[Extracted data entries]
= = = = =
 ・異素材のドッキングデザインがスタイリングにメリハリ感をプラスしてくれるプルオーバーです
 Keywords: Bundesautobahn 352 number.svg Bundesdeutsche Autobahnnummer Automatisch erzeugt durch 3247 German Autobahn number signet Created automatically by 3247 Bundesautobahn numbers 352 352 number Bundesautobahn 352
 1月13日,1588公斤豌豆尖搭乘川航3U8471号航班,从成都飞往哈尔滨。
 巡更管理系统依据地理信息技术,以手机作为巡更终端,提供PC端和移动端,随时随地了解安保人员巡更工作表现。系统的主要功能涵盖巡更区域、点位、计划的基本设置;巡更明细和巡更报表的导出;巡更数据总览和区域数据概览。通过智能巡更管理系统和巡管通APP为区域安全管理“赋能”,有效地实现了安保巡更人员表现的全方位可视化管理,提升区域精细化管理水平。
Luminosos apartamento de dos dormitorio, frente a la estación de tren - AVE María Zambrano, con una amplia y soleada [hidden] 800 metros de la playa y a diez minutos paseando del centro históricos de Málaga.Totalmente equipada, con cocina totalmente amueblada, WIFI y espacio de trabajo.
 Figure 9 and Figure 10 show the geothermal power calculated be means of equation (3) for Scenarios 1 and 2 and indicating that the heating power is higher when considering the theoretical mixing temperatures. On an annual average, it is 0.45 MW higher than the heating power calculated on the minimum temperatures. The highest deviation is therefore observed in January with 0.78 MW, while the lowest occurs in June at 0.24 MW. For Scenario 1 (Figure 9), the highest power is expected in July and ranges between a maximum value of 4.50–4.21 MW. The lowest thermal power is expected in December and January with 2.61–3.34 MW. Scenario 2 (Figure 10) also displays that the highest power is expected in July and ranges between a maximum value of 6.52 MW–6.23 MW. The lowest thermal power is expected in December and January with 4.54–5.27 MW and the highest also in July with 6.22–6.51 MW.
= = = = =
-- Task to complete --
Each line of the data above is to be duplicated exactly.

-- Solution --
 ・異素材のドッキングデザインがスタイリングにメリハリ感をプラスしてくれるプルオーバーです
 Keywords: Bundesautobahn 352 number.svg Bundesdeutsche Autobahnnummer Automatisch erzeugt durch 3247 German Autobahn number signet Created automatically by 3247 Bundesautobahn numbers 352 352 number Bundesautobahn 352
 1月13日,1588公斤豌豆尖搭乘川航3U8471号航班,从成都飞往哈尔滨。
 巡更管理系统依据地理信息技术,以手机作为巡更终端,提供PC端和移动端,随时随地了解安保人员巡更工作表现。系统的主要功能涵盖巡更区域、点位、计划的基本设置;巡更明细和巡更报表的导出;巡更数据总览和区域数据概览。通过智能巡更管理系统和巡管通APP为区域安全管理“赋能”,有效地实现了安保巡更人员表现的全方位可视化管理,提升区域精细化管理水平。
Luminosos apartamento de dos dormitorio, frente a la estación de tren - AVE María Zambrano, con una amplia y soleada [hidden] 800 metros de la playa y a diez minutos paseando del centro históricos de Málaga.Totalmente equipada, con cocina totalmente amueblada, WIFI y espacio de trabajo.
 Figure 9 and Figure 10 show the geothermal power calculated be means of equation (3) for Scenarios 1 and 2 and indicating that the heating power is higher when considering the theoretical mixing temperatures. On an annual average, it is 0.45 MW higher than the heating power calculated on the minimum temperatures. The highest deviation is therefore observed in January with 0.78 MW, while the lowest occurs in June at 0.24 MW. For Scenario 1 (Figure 9), the highest power is expected in July and ranges between a maximum value of 4.50–4.21 MW. The lowest thermal power is expected in December and January with 2.61–3.34 MW. Scenario 2 (Figure 10) also displays that the highest power is expected in July and ranges between a maximum value of 6.52 MW–6.23 MW. The lowest thermal power is expected in December and January with 4.54–5.27 MW and the highest also in July with 6.22–6.51 MW.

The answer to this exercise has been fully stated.